▸ EXERCISE BRIEF
When you write out the listing below, keep each word exactly as it stands and drop the pictures.

▸ RAW DATA

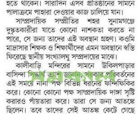 সময়ের আলো, ৭ আগস্ট ২০২৪, হাটহাজারীতে গতকাল মন্দির পাহারা দেন মসল্লিরা
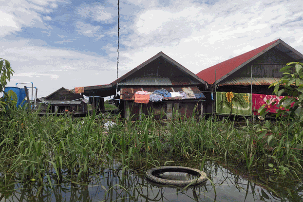 2024年9月14日,台风“摩羯”过后,缅甸南部掸邦茵莱湖的洪水淹没了众多房屋。©AFP
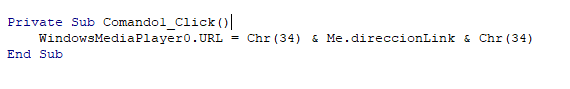 Tengo WindowsMediaPlayer0.URL = "D:\Sonidos\Productos\SonidoAgua.wav" y me funciona perfectamente. Sin embargo si dentro de una tabla tengo un campo llamado direccionLink cuyo contenido es "D:\Sonidos\Productos\SonidoAgua.wav" y yo defino WindowsMediaPlayer0.URL = direccionLink, me da error. Que debo hacer para eliminar este problema?
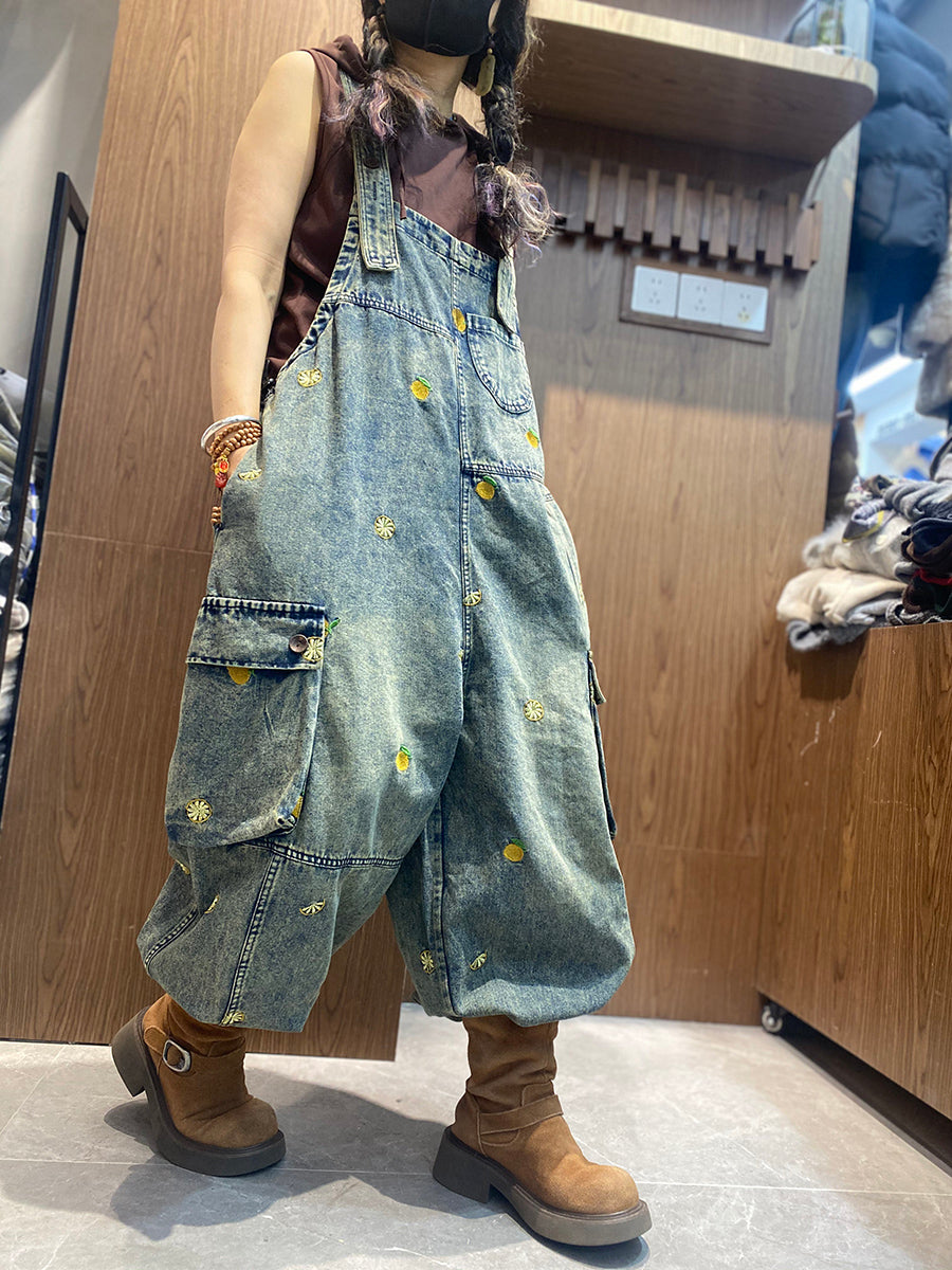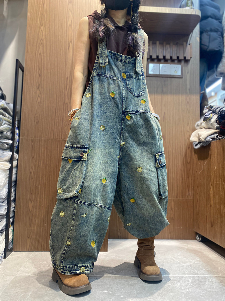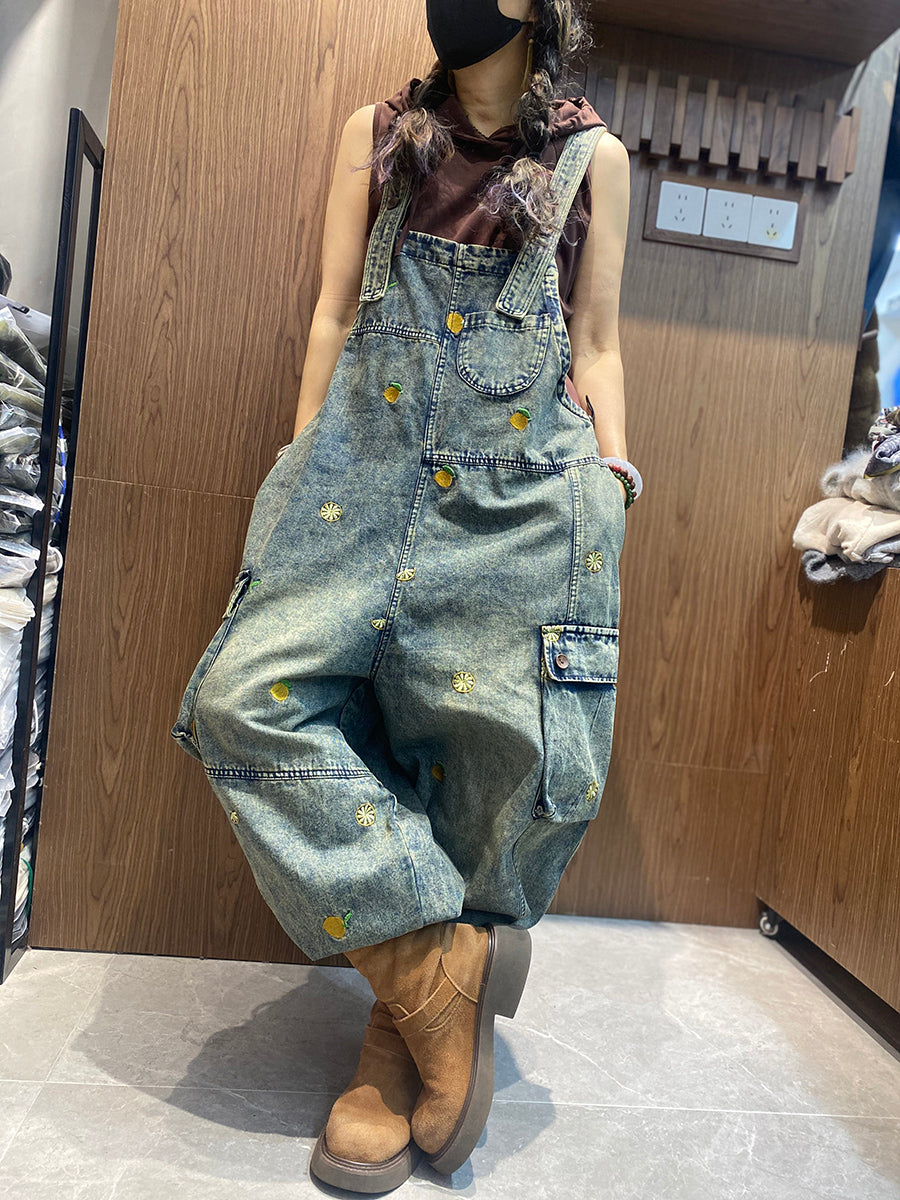 Women Vintage Embroidery Loose Denim Jumpsuits

▸ RESULT
 সময়ের আলো, ৭ আগস্ট ২০২৪, হাটহাজারীতে গতকাল মন্দির পাহারা দেন মসল্লিরা
 2024年9月14日,台风“摩羯”过后,缅甸南部掸邦茵莱湖的洪水淹没了众多房屋。©AFP
 Tengo WindowsMediaPlayer0.URL = "D:\Sonidos\Productos\SonidoAgua.wav" y me funciona perfectamente. Sin embargo si dentro de una tabla tengo un campo llamado direccionLink cuyo contenido es "D:\Sonidos\Productos\SonidoAgua.wav" y yo defino WindowsMediaPlayer0.URL = direccionLink, me da error. Que debo hacer para eliminar este problema?
 Women Vintage Embroidery Loose Denim Jumpsuits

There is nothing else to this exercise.